# DATASET SECTION:
===============

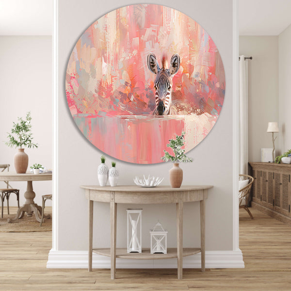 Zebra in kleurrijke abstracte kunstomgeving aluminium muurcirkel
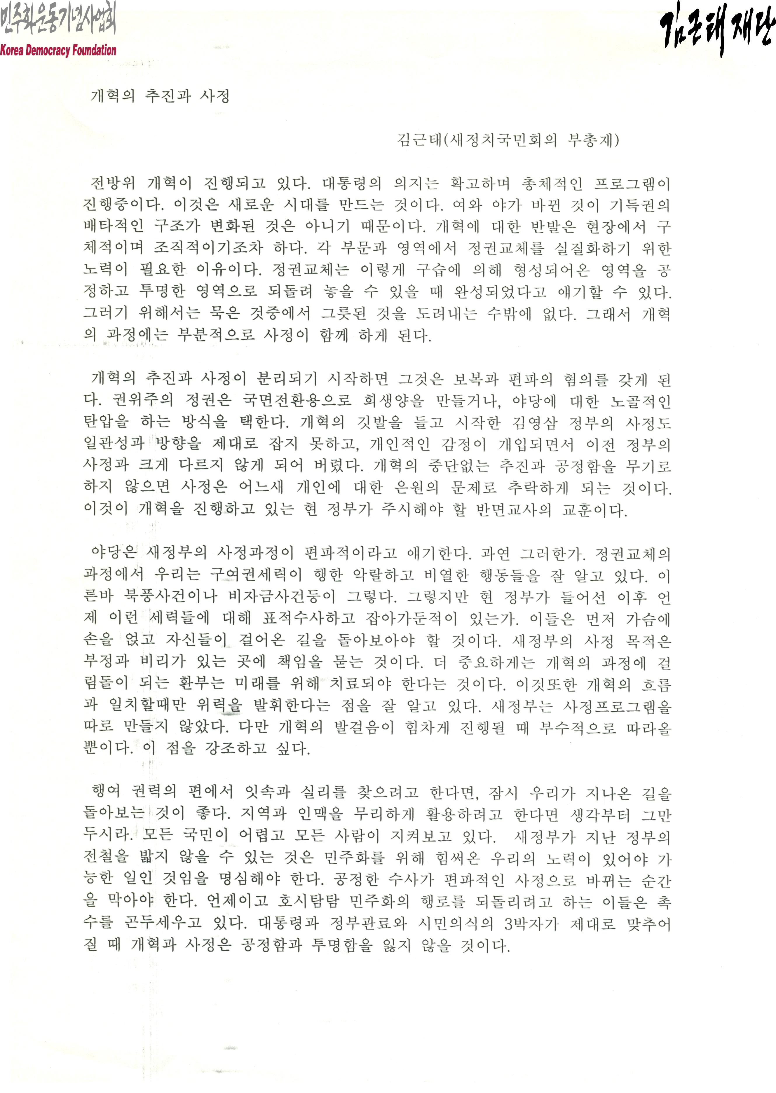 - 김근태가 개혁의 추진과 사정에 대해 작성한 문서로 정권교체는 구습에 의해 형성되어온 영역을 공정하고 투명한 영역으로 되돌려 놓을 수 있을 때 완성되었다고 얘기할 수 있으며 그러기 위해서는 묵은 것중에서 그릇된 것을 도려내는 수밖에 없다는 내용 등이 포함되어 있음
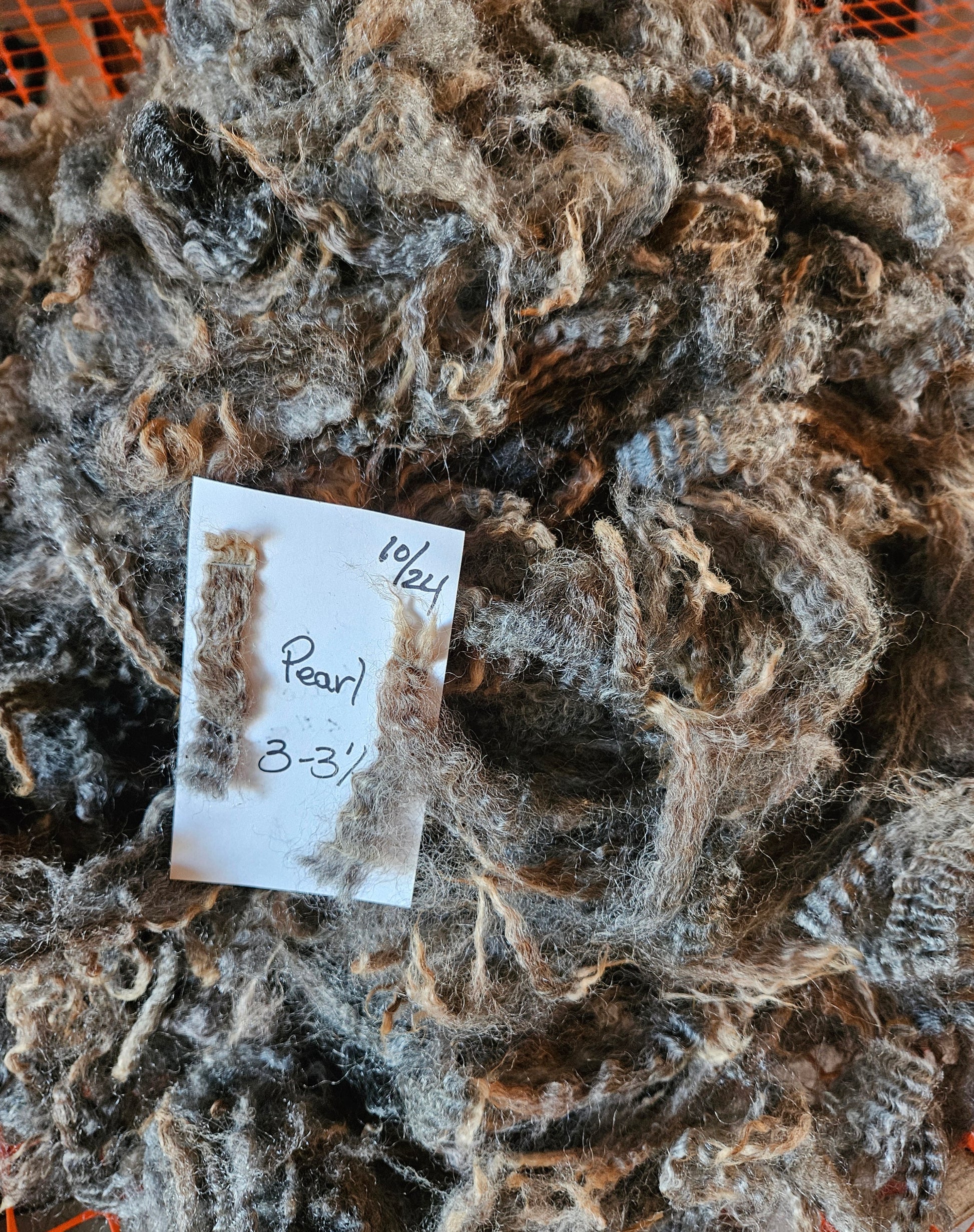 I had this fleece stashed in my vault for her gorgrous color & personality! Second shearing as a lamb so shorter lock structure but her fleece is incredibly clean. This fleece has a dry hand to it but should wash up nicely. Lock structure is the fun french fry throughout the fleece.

===============

Retype the lines above exactly, no pictures.

# RESULT FOR THIS TASK:
 Zebra in kleurrijke abstracte kunstomgeving aluminium muurcirkel
 - 김근태가 개혁의 추진과 사정에 대해 작성한 문서로 정권교체는 구습에 의해 형성되어온 영역을 공정하고 투명한 영역으로 되돌려 놓을 수 있을 때 완성되었다고 얘기할 수 있으며 그러기 위해서는 묵은 것중에서 그릇된 것을 도려내는 수밖에 없다는 내용 등이 포함되어 있음
 I had this fleece stashed in my vault for her gorgrous color & personality! Second shearing as a lamb so shorter lock structure but her fleece is incredibly clean. This fleece has a dry hand to it but should wash up nicely. Lock structure is the fun french fry throughout the fleece.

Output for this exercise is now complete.